- Born: September 22, 1892 Saratoga Springs, New York, U.S.
- Died: February 19, 1976 (aged 83) Saratoga Springs, New York, U.S.
- Education: Cornell University
- Occupation: Humorist
- Writing career
- Notable work: Mr. Arbuthnot

= Frank Sullivan (writer) =

American columnist and humorist (1892–1976)

Francis John Sullivan (September 22, 1892 – February 19, 1976) was an American humorist, best remembered for creating the character Mr. Arbuthnot the Cliche Expert.

== Life ==
Sullivan was born in Saratoga Springs, New York, to Dennis and Catherine (Shea) Sullivan. and graduated from Cornell University in 1914. He worked for The Saratogian newspaper until he was drafted in 1917. Upon his discharge, Sullivan moved to New York City and worked for several papers as a reporter and feature writer.

Sullivan wrote his first article for The New Yorker in 1925, the year it was founded. His most celebrated character, Mr. Arbuthnot, made his debut in the issue of August 31, 1935 in "The Cliche Expert Takes the Stand". In one story Mr. Arbuthnot was asked what he did for exercise, and he replied, "I keep the wolf from the door, let the cat out of the bag, take the bull by the horns, count my chickens before they are hatched, and see that the horse isn't put behind the cart or stolen before I lock the barn door".
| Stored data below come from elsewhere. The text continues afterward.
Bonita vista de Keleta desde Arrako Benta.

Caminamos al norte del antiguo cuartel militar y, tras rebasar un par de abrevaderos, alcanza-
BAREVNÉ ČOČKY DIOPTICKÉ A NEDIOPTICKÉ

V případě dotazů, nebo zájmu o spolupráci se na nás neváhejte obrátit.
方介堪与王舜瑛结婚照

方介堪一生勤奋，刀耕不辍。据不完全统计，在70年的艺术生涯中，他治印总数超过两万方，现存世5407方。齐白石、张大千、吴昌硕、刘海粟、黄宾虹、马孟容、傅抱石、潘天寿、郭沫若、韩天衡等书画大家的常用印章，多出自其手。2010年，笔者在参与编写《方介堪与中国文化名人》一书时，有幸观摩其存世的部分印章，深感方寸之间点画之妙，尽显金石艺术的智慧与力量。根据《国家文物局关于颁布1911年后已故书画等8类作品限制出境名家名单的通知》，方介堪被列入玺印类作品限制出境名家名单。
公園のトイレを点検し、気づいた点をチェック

The last Mr. Arbuthnot story, "The Cliche Expert Testifies On the Campaign", appeared in The New Yorker on September 13, 1952.
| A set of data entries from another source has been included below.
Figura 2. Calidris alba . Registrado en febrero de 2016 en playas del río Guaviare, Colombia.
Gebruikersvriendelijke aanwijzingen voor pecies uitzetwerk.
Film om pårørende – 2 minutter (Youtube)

According to The Encyclopedia of American Humorists, the play Arsenic and Old Lace was given its title when the producers adapted the title of a collection of humor pieces by Sullivan called Broccoli and Old Lace.
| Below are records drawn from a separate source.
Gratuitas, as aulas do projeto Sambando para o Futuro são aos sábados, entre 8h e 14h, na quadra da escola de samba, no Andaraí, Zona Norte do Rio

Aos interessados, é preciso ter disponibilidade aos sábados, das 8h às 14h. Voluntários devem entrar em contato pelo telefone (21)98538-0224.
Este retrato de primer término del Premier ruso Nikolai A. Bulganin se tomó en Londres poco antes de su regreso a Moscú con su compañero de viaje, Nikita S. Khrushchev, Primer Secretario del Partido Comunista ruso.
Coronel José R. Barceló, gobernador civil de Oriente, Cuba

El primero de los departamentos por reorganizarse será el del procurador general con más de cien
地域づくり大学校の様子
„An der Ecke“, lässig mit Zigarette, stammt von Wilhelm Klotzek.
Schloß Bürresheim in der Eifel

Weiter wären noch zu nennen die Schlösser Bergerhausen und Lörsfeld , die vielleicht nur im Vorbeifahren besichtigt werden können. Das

Sullivan never married. He returned to Saratoga Springs in the 1960s and lived there until his death in 1976.

Sullivan was a peripheral member of the famous Algonquin Round Table.

"Frank Sullivan Place", formerly High Street, is named for him in Saratoga Springs, New York. It forms the border of the Saratoga Racecourse property near the track clubhouse.

He is credited with the line, "This is either a forgery or a damned clever original!". This may be considered an example of what he called "Wolf sentences", described in his A rock in every snowball: sentences which appear grammatical and to make sense until closer examination; many are examples of comparative illusion sentences.

==Bibliography==

===Books===
- Sullivan, Frank (1926). "The Life and Times of Martha Hepplethwaite"
- Sullivan, Frank (1928). "Innocent Bystanding"
- Sullivan, Frank (1931). "Broccoli and Old Lace"
- Sullivan, Frank (1933). "In One Ear. . ."
- Sullivan, Frank (1938). "A Pearl in Every Oyster"
- Sullivan, Frank (1946). "A Rock in Every Snowball"
- Sullivan, Frank (1953). "The Night the Old Nostalgia Burned Down"
- Sullivan, Frank (1954). "Sullivan Bites News: Perverse News Items"
- Sullivan, Frank (1959). "A Moose in the Hoose" (also titled A Moose in the House)
- Cannon, Jimmy (1943). "The Sergeant Says"
- Connelly, Mark (1970). "Frank Sullivan Through the Looking Glass: a Collection of His Letters and Pieces"
- Sullivan, Frank (1996). "Frank Sullivan at His Best"

===Reporting and other short pieces===
- Sullivan, Frank (1925). "Ten, twenty, thirt"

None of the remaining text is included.